The Gold Medal building is a historic factory complex in Racine, Wisconsin. The three-story brick-walled mill-type was built between 1894 and 1924. The Wisconsin Historical Society describes the complex as "one of the best remaining examples of a mill-type factory building" in the state.

==History==
The Racine Camp Furniture & Novelty Manufacturing Co. was founded in 1890, to manufacture furniture for camping such as tents, folding chairs, and sleeping bags. Supposedly, after the company's furniture won a gold medal at the 1893 World's Fair exhibition in Chicago, the name was changed to the Gold Medal Camp Furniture Company. However, no gold medals were actually awarded at the fair, and there is evidence of the company using the Gold Medal name earlier. The company made the standard cots for the United States military and National Guard, and also created the modern director's chair after its No. 35 folding chairs became popular in Hollywood.

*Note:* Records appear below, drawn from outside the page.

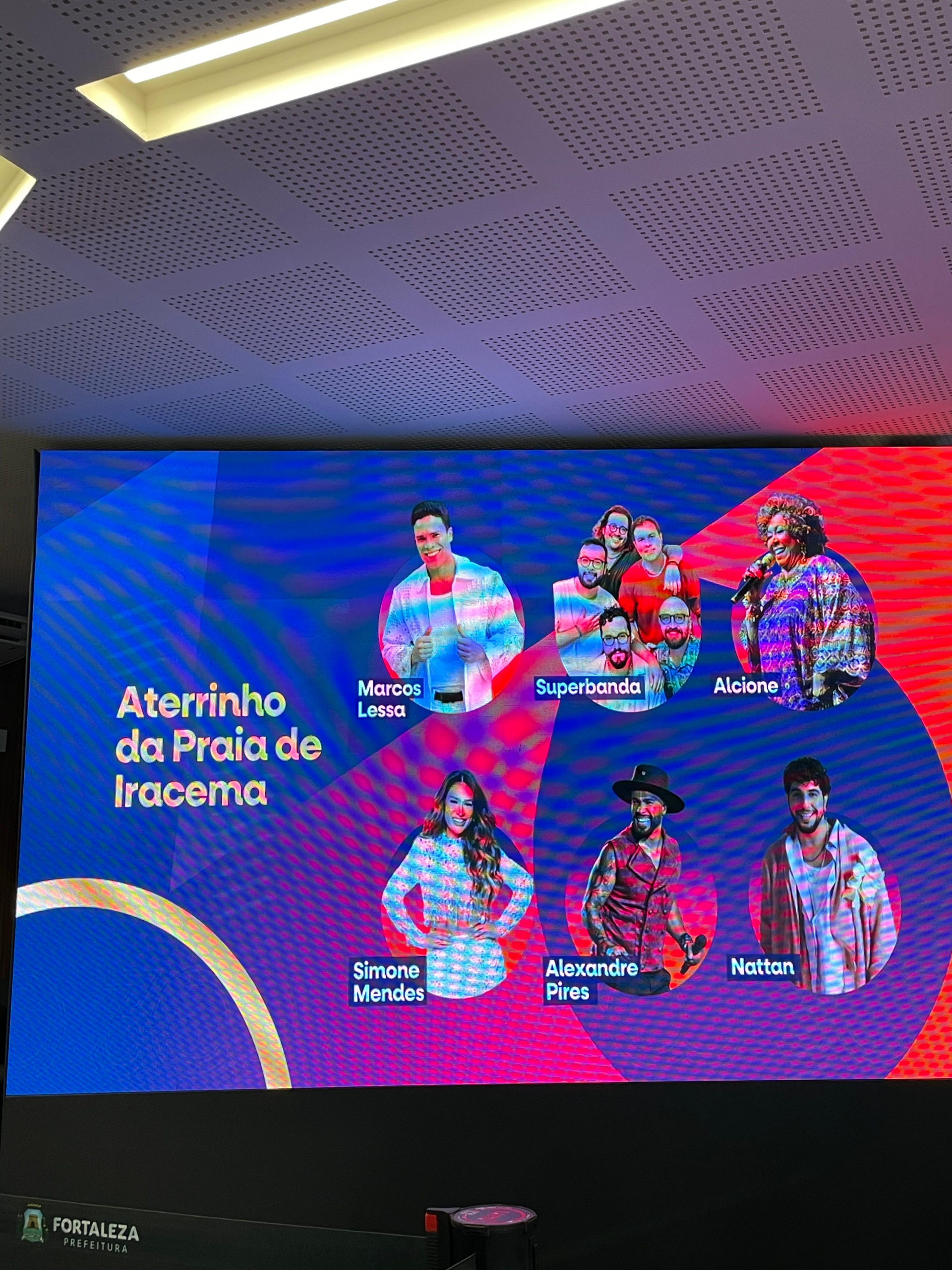 A programação musical também ganha protagonismo no fim de semana do aniversário, com apresentações no Aterrinho da Praia de Iracema. Entre os nomes confirmados estão Alcione, Marcos Lessa, Nattan, Simone Mendes, SuperBanda e Alexandre Pires.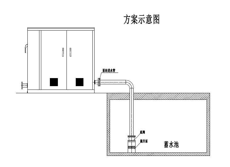 可根据现场实际情况配置水上式底阀或水下式底阀,从而使泵站实现对水资源最大限度的利用,当水源距离泵站高差超过 2米以上时,可选配底部提水泵,通过程序控制对水泵进行联动,从而加大泵站的使用范围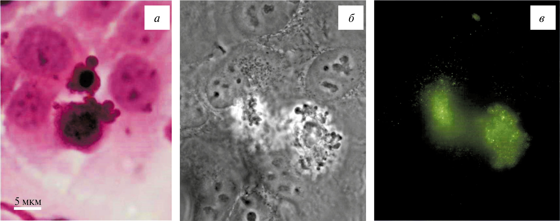 Рис. 2. Апоптоз в клетках НаСаТ при действии 60 мкМ СВЕ: а – окрашивание гематоксилином и эозином; б, в – соответственно фазовый контраст и иммуноцитохимическое выявление каспазы 3 в одной и той же клетке. Показан репрезентативный результат из трех независимых экспериментов.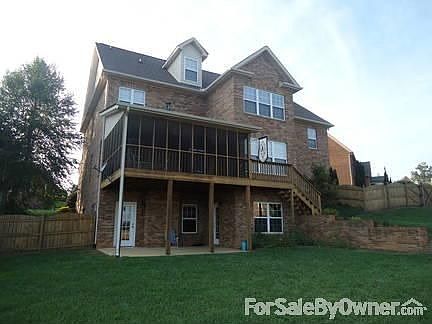 LOCATED AT THE END OF A PRIVATE CUL-DE-SAC (with a neighborhood community pool) 5 Bedrooms and 4 1/2 baths with 2 bonus rooms Full unfinished walkout basement that is plumbed with another full bath (approx 1200 addional square feet of space to add to home once finished) 3 Car Attached side entry garage with flat concrete driveway Large Lot with privacy fence (includes a 3 level children playset). Also Big enough to add detached garage or a pool. Screened in back patio that overlooks Smokey Mountains and at night the city lights The Top level of this home has been professionally remodeled to include a bedroom, full bath, and rec/ bonus room Master Bedroom has separate his/her walk in closets with master bath (jacuzzi tub, sep shower, toilet room, and double cherry vanity) All Baths have tile flooring, Crown molding thru out the entire home, all cabinetry thru outh home is cherry Custom wooden blinds thru out, plumbed for central vac Family room with fireplace Hardwood flooring on the main Lawn irriagation system Cherry Kitchen with tile flooring, stainless steal app, bar, and nook Will Entertain Agents 12 Minutes from Downtown... minutes away from Turkey Creek Additional property info: http://www.forsalebyowner.com/listing/A087C?provider_id=28079

In 1979, Gold Medal established a second manufacturing plant in Baxter, Tennessee. In 1986, the company decided to consolidate its operations in the face of increased competition from overseas, and closed the Racine plant. In 2019, the complex was listed on the National Register of Historic Places at the request of its owner, development firm J. Jeffers & Co., which is currently in the process of converting the historic buildings into an apartment building called Gold Medal Lofts.